Geschichte |  Strecke |  Wettkampf |  Städte |  Fahrtberichte |  Galerie |  Liederbuch |  Aktuelles

Vom Eise befreit sind Strom und Bäche (1962)

Die Wasserwanderkommission des DKSV hatte die nun schon zur Tradition gewordene Durchführung der Kanuten-Osterfahrt vom 20. bis 25. April auf Zschopau und Mulde ausgeschrieben. Organisation und Durchführung wurden in die Hände unseres bewährten Sportfreundes Rudi Raab, Jeßnitz, gelegt.

Die Gesamtstrecke mit 18 Wehren ging auch in diesem Jahr von Waldheim bis Bitterfeld, betrug 133 km und wurde in 4 Tagestouren gefahren.

Am unteren Waldheimer Wehr hatten sich beim leider - wie sich später herausstellen sollte - allzu pünktlichen Start zur ersten Etappe Waldheim - Leisnig, (Gesamtstrecke 18 km mit 10 Wehren) 17 Kanusektionen aus Dresden, Leipzig, Gera, Groitzsch, Meißen, Jeßnitz, Radebeul/Dresden, Halle, Zossen, Ludwigsfelde, Babelsberg, Rochlitz, Bernburg, Coswig, Güstrow, Luckenwalde und Dessau, mit starken Mannschaften eingefunden.

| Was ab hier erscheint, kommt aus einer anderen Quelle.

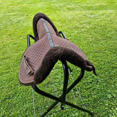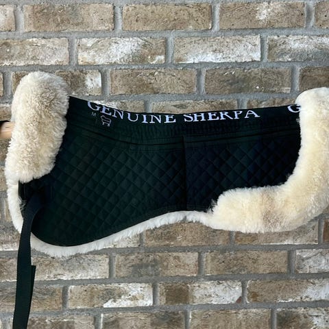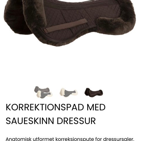 Genuine Sherpa saueskinnspad anatomic til sal. Pad i saueskinn med anatomisk utforming. Leveres med flere svarte innlegg/puter for individuell tilpasning under salen. Egnet som trykkfordelende underlag mellom sal og hesterygg.
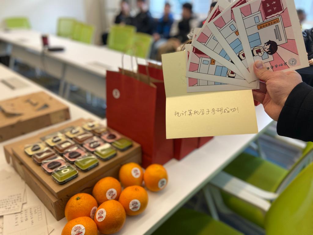 活动的最后,老师们共同为考研学子送上了学院精心准备的助力加油包。加油包包含了寓意“脐”开得胜,马到“橙”功的脐橙和金榜“糕”中的温馨蛋糕以及承载老师同学祝福的“考研上岸、逢考必过”明信片,以此来为考研学子加油打气。
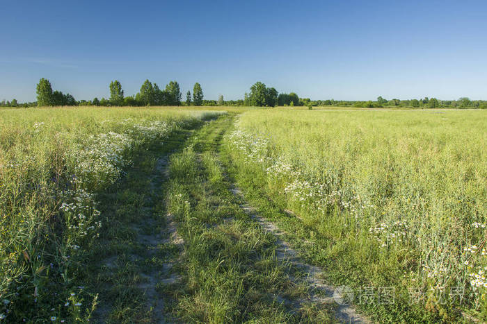 穿过油菜田野、树木和蓝天的乡间小路
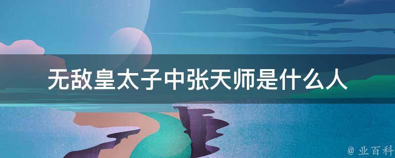 无敌皇太子中张天师是玉皇大帝通明宫下的尊神,张天师是指张道陵。张道陵,原名张陵,字辅汉,西汉开国功臣张良之后。因为天资聪慧,张道陵顺应当时的潮流成功进入太学学习儒家思想。但随着研究的深入,他发现自己所学的道理并非应对生死的奥义。于是张道陵转投到道家门下,创立正一道(又称天师道、五斗米道等,在各个时期称呼略有不同)。
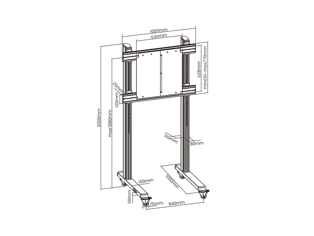 The M Counterbalanced Floorstand is used to mount the M Counterbalanced Wallmount series on a wheelbased floorstand. With the M Counterbalanced Floorstand you can move the display up and down and also roll it around. Move it from room to room. It’s never been this easy to move a large size display or touch screen up and down. Made to fit most public environments and perfect in meeting rooms, and other educational. Introducing the M Counterbalanced Floorstand is designed to provide assisted the lifting force of the M Counterbalanced Wallmount mid-span balancing, allowing safety and usability for any user in front of a large size display and also to move it around. Locakble castors makes it stay in place when the right spot is found.
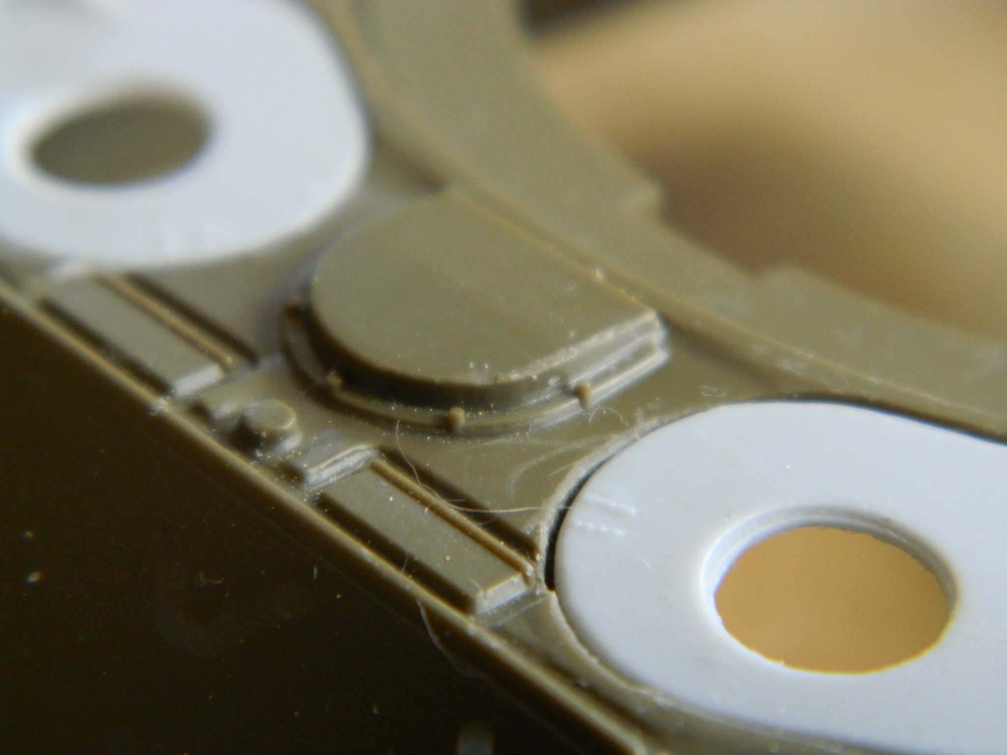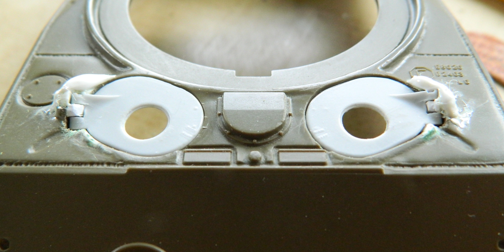 While cruising around online, one of the things I found was that New Tiger Models Direct makes nicely detailed hatches for the driver and co-driver. The bottom hatches are the kit-supplied part, the middle hatches are from another kit with better detail (and required me to resculpt the hinges on the bottom hull), and the top ones are the most accurate hatches I’ve found for the large-hatch Sherman courtesy of NTMD:
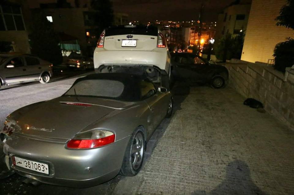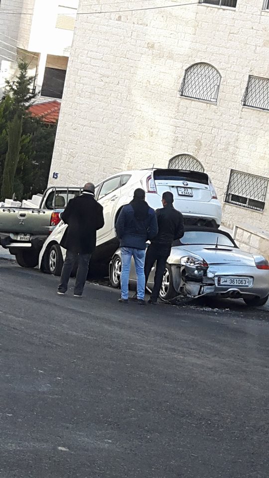 حادث سير أشبه بمشهد سينمائي وقع في منطقة الشميساني في العاصمة عمان فجر الأحد، وبقي مشهده راسخا حتى ساعات الظهيرة، إذ توغلت مركبة من جنسية عربية بأخرى كانت تصطف أمام عمارة سكينة وارتطمت بثالثة كانت تقف أمامها بسلام.
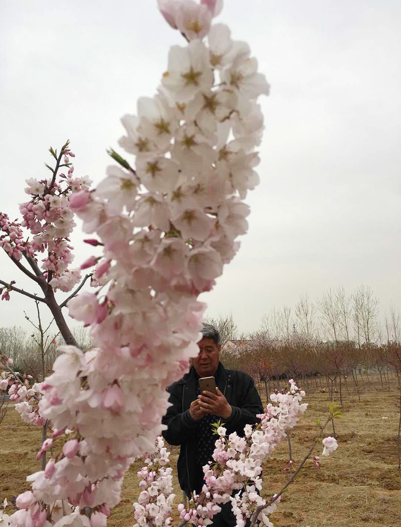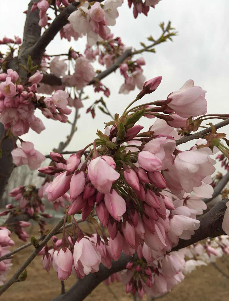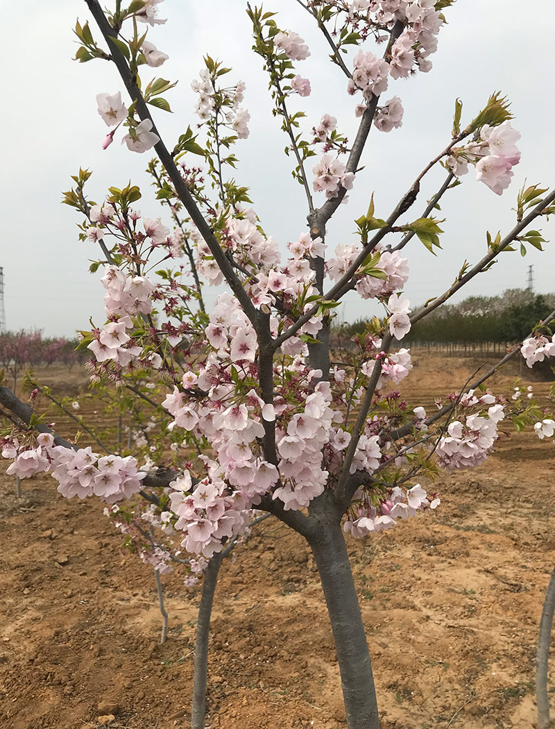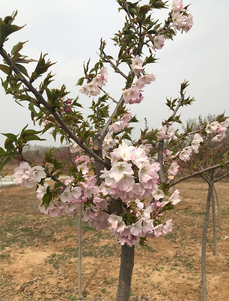 從染井吉野實生植株中選育的品種,形態特征與染井吉野相似。喬木,傘狀樹形。總狀傘形花序,有花5~8朵;開花時枝頂抽發新葉,花徑約3.0cm;萼筒管狀,萼片長卵狀三角形,邊緣有少量鋸齒;花瓣5枚,淡紅白色,花心紫紅色。花期比染井吉野稍晚。日照市花期為4月上中旬。
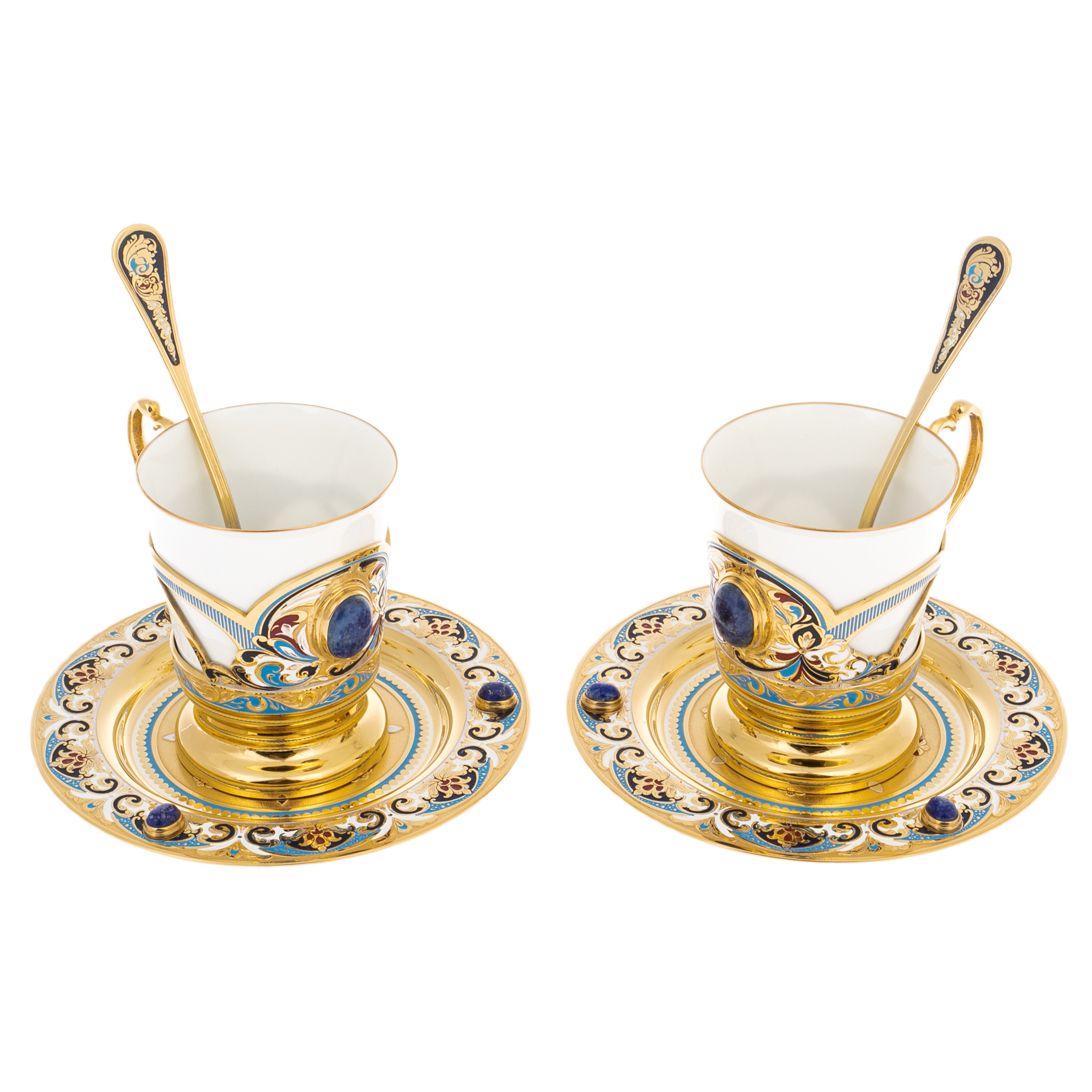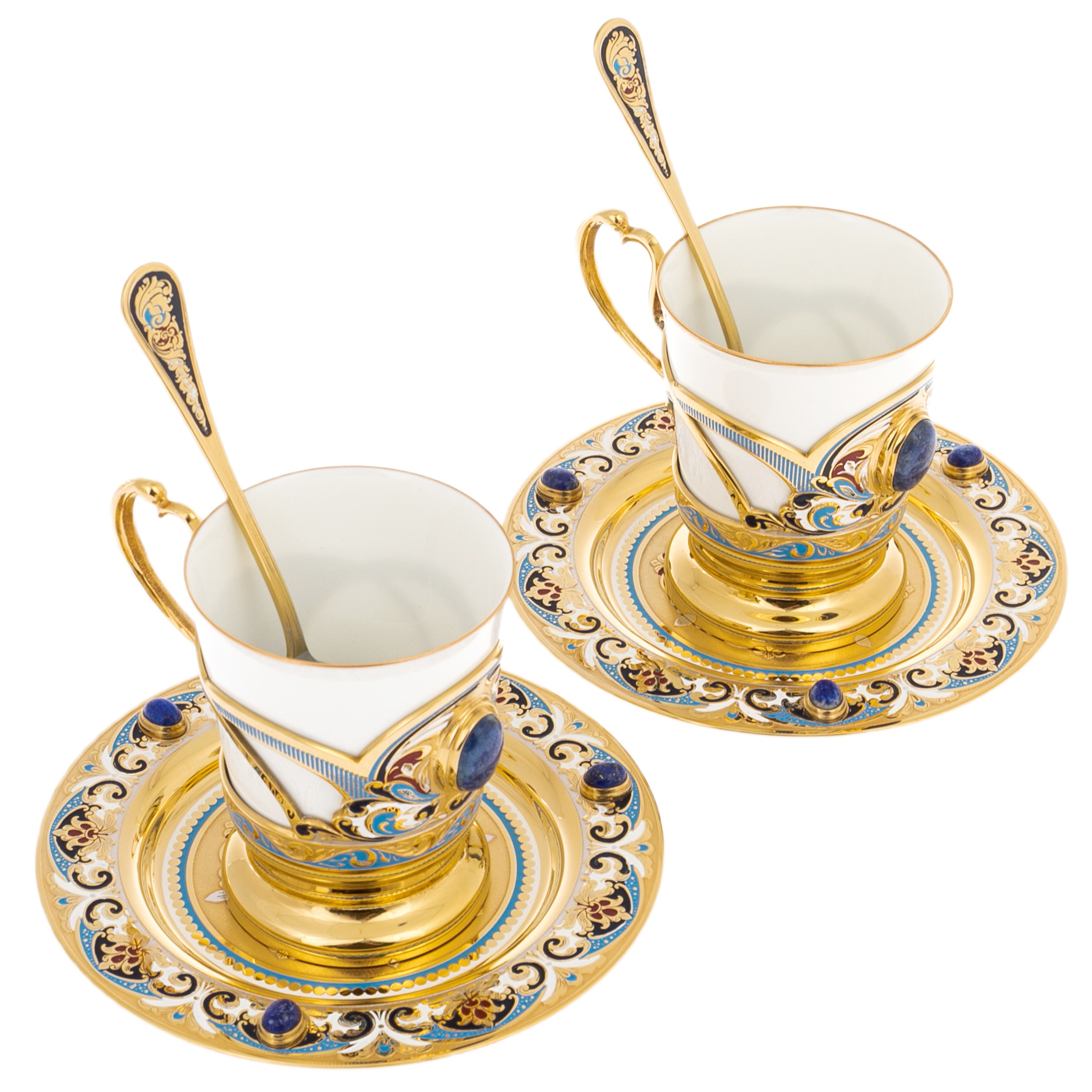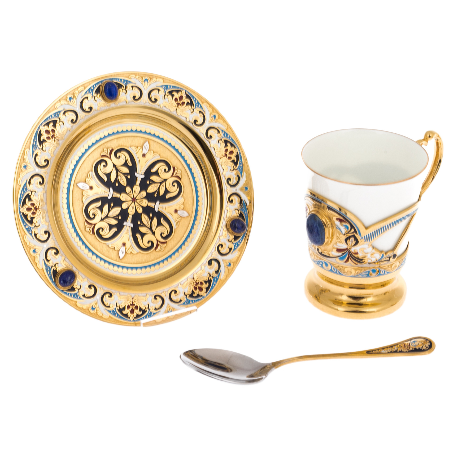 Чаши из тончайшего фарфора, обрамленные благородным металлом, поражают изысканным орнаментом, напоминающим сложные узоры древнерусских рукописей. Лазуритовые вставки, мерцающие таинственным блеском, символизируют мудрость и стойкость, будто приглашая владельца наслаждаться не только вкусом напитка, но и созерцанием великолепного дизайна. Ручка чаши, словно арка, соединяет удобство и изящество, подчеркивая уникальность каждой детали.

Auf der Uferwiese am unteren Wehr in Waldheim wurden von den aktiven Kanuten, die meist schon am Donnerstag angereist waren, die Boote aufgebaut. Obwohl der Start auf 10 Uhr festgesetzt war, bildeten doch schon beizeiten zahlreiche aufmerksame Zuschauer eine bunte Kulisse.

Der anfänglich dichte morgendliche Hochnebel verteilte sich nach kurzem Niederschlag, es wurde licht, und bald ließ sich ab und zu die Sonne sehen. Es verhieß ein guter Tag zu werden, als sich die erwartungsvollen Wassersportler aus der ganzen DDR auf die Reise begaben. Auf eine nette kleine Begrüßungs- und Eröffnungsansprache hatte man verzichtet. Leider, muß man sagen. Das Gepäck der über 150 Teilnehmer war auf einen von der Waldheimer Sektion gestellten LKW verladen worden und rollte bereits nach Leisnig.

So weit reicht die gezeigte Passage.